By Ted Hayson and Christina Cook
WASHINGTON, Dec 11 (Reuters) – An email from U.S. immigration officials presented Kelly and Yerson Vargas with a stark choice: accept deportation to their native Colombia or risk being charged with a crime and separated from their 6-year-old daughter Maria Paola.
Vargas, who was held in a Texas detention center, had already received a deportation order and was forced to board flights to Colombia.

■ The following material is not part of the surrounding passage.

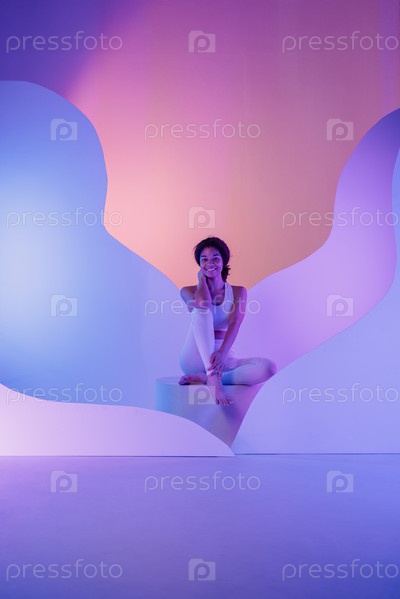 Молодой африканец сидит, скрестив ноги, на круглой платформе. Черная спортивная девушка в белом фитнес-костюме улыбается

They protested that they faced forced labor and death threats from cartel members in Mexico because they submitted visa applications as victims of human trafficking.
In an Oct. 31 email, immigration officials threatened to prosecute them for failing to comply with a deportation order, a rarely used statute that can carry up to 10 years in prison.
Their case illustrates how U.S. President Donald Trump’s massive immigration crackdown has relied on threats to separate families and other aggressive tactics to pressure people to accept deportation — even after previous administrations filed legal claims allowing them to stay in the country, according to immigrants, lawyers, current and former court officials and reviewed records.
These tactics include threats of prison terms for resisting deportation orders or crossing the border illegally – crimes that were previously rarely prosecuted and separation from children – as well as the opportunity to seek release from prolonged detention and deportation to distant third countries, Reuters found.
Reuters spoke to 16 immigration attorneys, who collectively have hundreds of clients, and others with broad visibility into the Trump administration’s use of increasingly draconian tactics to force immigrants to accept deportation.
White House border czar Tom Homan defended the Trump administration’s approach.
“We’re using every tool in the toolbox,” Homan told Reuters in an interview. “What we are doing is legal.”
Locked up and forced to deport
The Vargases chose to abandon their visa applications and have Maria Paola placed in the federal shelter system for unaccompanied immigrant children rather than risk being separated on a deportation flight in November.
“I was afraid they were going to put me in jail and carry out all the threats they made,” Kelly Vargas said.
Tricia McLaughlin, spokeswoman for the US Department of Homeland Security, said the family was issued a deportation order in 2024, was denied on appeal and received full due process. He did not comment on visa applications for victims of human trafficking.
When asked about federal charges and threats to separate the Vargas case and another family, McLaughlin said U.S. Immigration and Customs Enforcement officials do not “threaten” people and properly inform them they could face federal charges.
“These illegal aliens have broken the law and they have been warned that they will face the consequences of their crimes,” she said.
Immigration advocates and other critics say Vargas and others with potentially legitimate claims to stay in the United States are caught in a numbers game. The Trump administration has set a goal of deporting 1 million people per year, but given current trends, that goal is unlikely to be met.
DHS said Wednesday that the Trump administration had deported more than 605,000 people since Trump took office, putting it on pace for fewer than 700,000 deportations by the end of the year.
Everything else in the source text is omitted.